Rubén Miño

Personal information
- Full name: Rubén Miño Peralta
- Date of birth: 18 January 1989 (age 37)
- Place of birth: Cornellà, Spain
- Height: 1.91 m (6 ft 3 in)
- Position: Goalkeeper

Youth career
- 1998–2000: Cornellà
- 2000–2008: Barcelona
- 2004–2006: → Cornellà (loan)

Senior career*
- Years: Team / Apps / (Gls)
- 2008–2012: Barcelona B / 71 / (0)
- 2010: Barcelona / 0 / (0)
- 2012–2015: Mallorca / 42 / (0)
- 2015–2016: Oviedo / 13 / (0)
- 2016–2017: AEK Larnaca / 21 / (0)
- 2017–2018: Albacete / 0 / (0)
- 2019: Politehnica Iași / 10 / (0)
- 2019–2021: Logroñés / 37 / (0)
- 2021–2022: Talavera / 8 / (0)
- 2023: Algeciras / 16 / (0)
- 2023–2025: Cornellà / 49 / (0)

International career
- 2009–2011: Spain U21 / 2 / (0)

= Rubén Miño =

Spanish footballer (born 1989)

Rubén Miño Peralta (born 18 January 1989) is a Spanish professional footballer who plays as a goalkeeper.

==Club career==
Born in Cornellà de Llobregat, Barcelona, Catalonia, Miño moved to FC Barcelona's youth system, La Masia, at the age of 11. Four years later, he served a two-season loan at local UE Cornellà in the regional leagues.

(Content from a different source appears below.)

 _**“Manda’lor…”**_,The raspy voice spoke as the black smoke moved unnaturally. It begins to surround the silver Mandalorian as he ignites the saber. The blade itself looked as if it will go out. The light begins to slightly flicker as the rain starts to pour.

In 2008, Miño returned as starter of Barça's reserves, as they had just returned to the Segunda División B under young manager Pep Guardiola. He made his official debut against SCR Santa Eulàlia on 31 August of that year (1–0 away loss).

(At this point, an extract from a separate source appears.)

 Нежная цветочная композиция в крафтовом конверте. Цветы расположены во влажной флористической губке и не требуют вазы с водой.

On 13 August 2010, due to an injury to José Manuel Pinto and the need to rest Víctor Valdés, Miño was included in the nineteen-man Barcelona squad to face Sevilla FC in the Supercopa de España; on 14 August, he played the full 90 minutes in a 3–1 away defeat.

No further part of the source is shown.